In May 2006, armed only with a small rucksack and a staff, Tony Kevin, an overweight, sedentary, 63-year-old former diplomat, set off on an eight-week trek across Spain. But this was not just a very long walk - it was a pilgrimage.
From Granada, in the southeast, to Santiago de Compostela, in the far northwest, Tony followed the Via Mozarabe and the Via de la Plata, two of the many pilgrim trails that crisscross Spain and Portugal and that all lead to a single destination. In the Middle Ages, the cathedral city of Santiago de Compostela was Europe’s most famous centre of pilgrimage, and in recent years it has enjoyed a remarkable revival; every day towards noon, hundreds of hot, tired, and dusty pilgrims stream into Santiago Cathedral for the daily Pilgrim’s Mass.
What, in our busy, materialistic 21st century, is this apparently anachronistic phenomenon all about?

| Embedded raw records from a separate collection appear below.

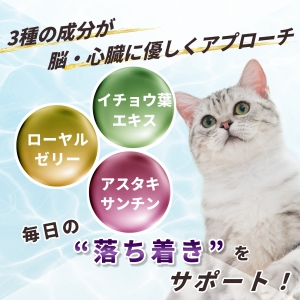 | 原材料名 | 鰹節粉末、ビール酵母、デキストリン、カツオエキス、乾燥ローヤルゼリー末、マタタビ末、ウコン末、イチョウ葉エキス末、ビタミンC、プロポリスエキス末、ヘマトコッカス藻色素(アスタキサンチン含有) |
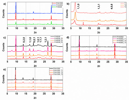 X-Ray diffraction patterns. (a) Raw matrixes: PHA1005, PHA3002 and PHB226; (b) Nanoclays: T1, T2 and T3; (c) Neat PHB226 and loaded with 3 wt.% T1, T2 and T3; (d) Neat PHA3002 and loaded with 3 wt.% T1, T2 and T3; (e) Neat PHA1005 and loaded with 3 wt.% T1, T2 and T3.
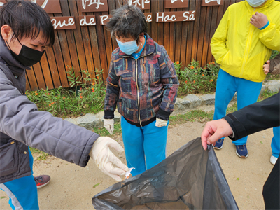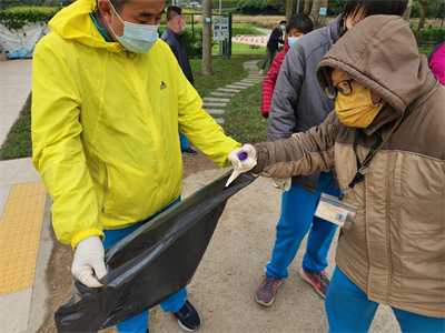 市政署近期優化黑沙海灘公園後側土地,設臨時綠化休憩空間,分為越野車場、竹林區、觀賞植物區等,吸引人們走入大自然懷抱,舒展身心。因此中心組織服務使用者到臨時綠化休憩區遊玩,感受大自然,認識不一樣的澳門。休憩區有一大片綠油油的草坪,服務使用者在草地上任意嬉戲遊玩,場面熱鬧愉快,大家亦不忘拍攝留念,記錄這愉快的一天。在欣賞大自然的過程中亦不忘保育環境的重要性,在活動結束後,服務使用者帶上手套清理公園的垃圾,回復公園應有的美麗風貌。
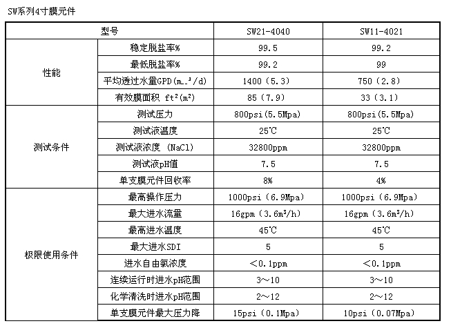 SW系列 4寸膜元件
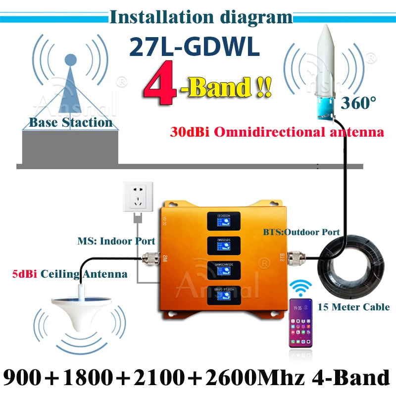 Пожалуйста, убедитесь, что вы можете получить как минимум 2 бара сигнала, который вы хотите улучшить, частота сигнала сотового телефона, который вы хотите улучшить, должна соответствовать частоте приобретенного бустера.PS: если вы хотите повысить частоту вашего телефона 900/1800/2100/2600, вы купите GSM900mhz + DCS LTE 1800MHZ + 2100mhz + 2600mhz Booster. Наружная антенна должна быть установлена в направлении базовой станции, которая может получить целевой сигнал

What drives tens of thousands of people of all nationalities and creeds to make long, exhausting walks across the cold mountains and hot tablelands of Spain, to take part finally in a medieval Christian liturgy of spiritual renewal and reconciliation with God?
Walking the Camino beautifully captures the flavour of what it was like to walk the camino, and is filled with fascinating observations and anecdotes about the nature of contemporary Spain. And because pilgrimage is such a deeply personal experience that has the potential to unlock the deepest recesses of hidden memory and conscience, it is also a profound personal meditation on the nature of modern life.
It will be of interest to people who contemplate making, or who have made this walk; to those interested in the politics and culture of contemporary Spain; and indeed anyone who appreciates fine travel writing.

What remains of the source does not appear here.